INPUT DATA section start

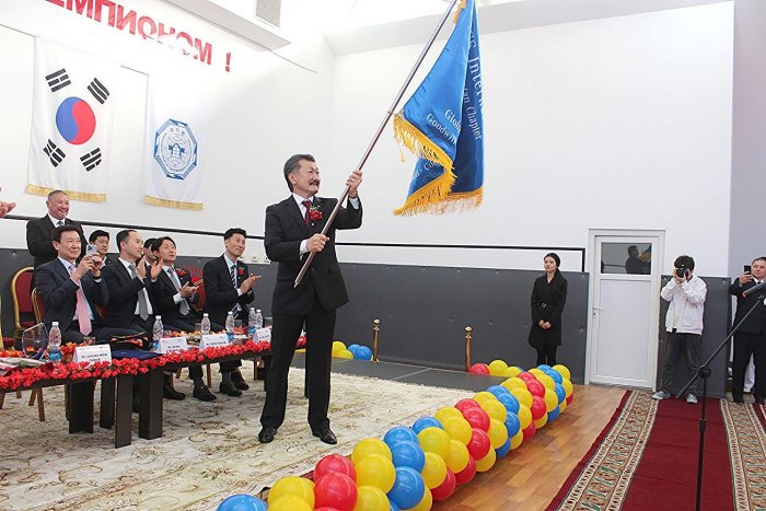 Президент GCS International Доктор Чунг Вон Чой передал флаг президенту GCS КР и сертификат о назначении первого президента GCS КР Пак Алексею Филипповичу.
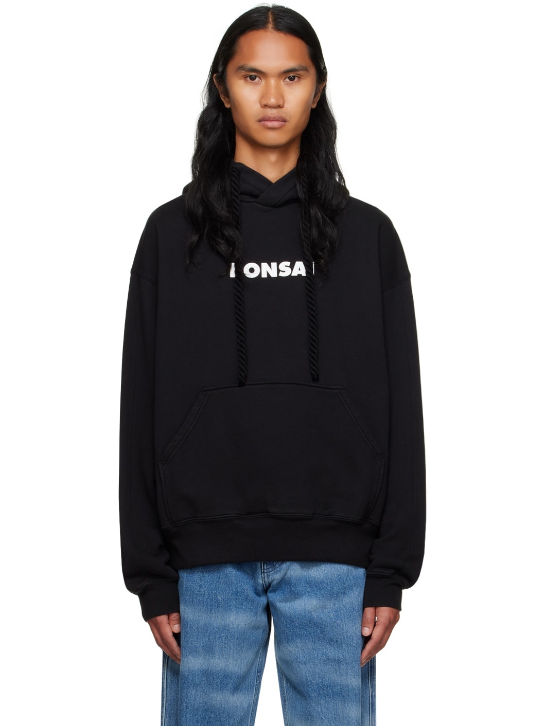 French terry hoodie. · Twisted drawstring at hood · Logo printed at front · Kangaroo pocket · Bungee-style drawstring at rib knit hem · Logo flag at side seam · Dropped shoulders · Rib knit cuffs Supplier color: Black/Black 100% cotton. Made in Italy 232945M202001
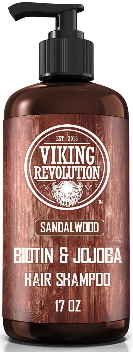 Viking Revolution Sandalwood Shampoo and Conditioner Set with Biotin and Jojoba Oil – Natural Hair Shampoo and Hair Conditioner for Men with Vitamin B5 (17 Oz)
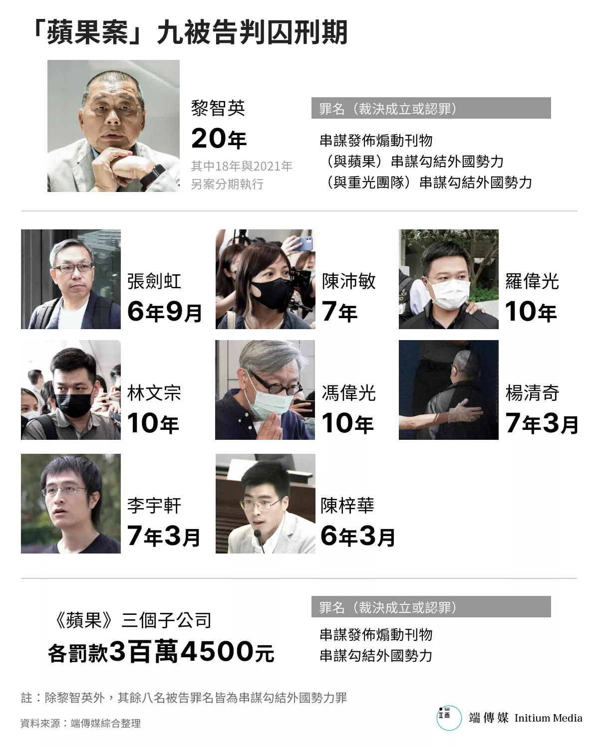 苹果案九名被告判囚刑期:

INPUT DATA section end

**PROBLEM TO WORK ON**
Leaving every picture out, please copy exactly the lines from the one holding "Viking Revolution Sandalwood" through the last line of the listing, both ends included.

**YOUR RESPONSE**
 Viking Revolution Sandalwood Shampoo and Conditioner Set with Biotin and Jojoba Oil – Natural Hair Shampoo and Hair Conditioner for Men with Vitamin B5 (17 Oz)
 苹果案九名被告判囚刑期:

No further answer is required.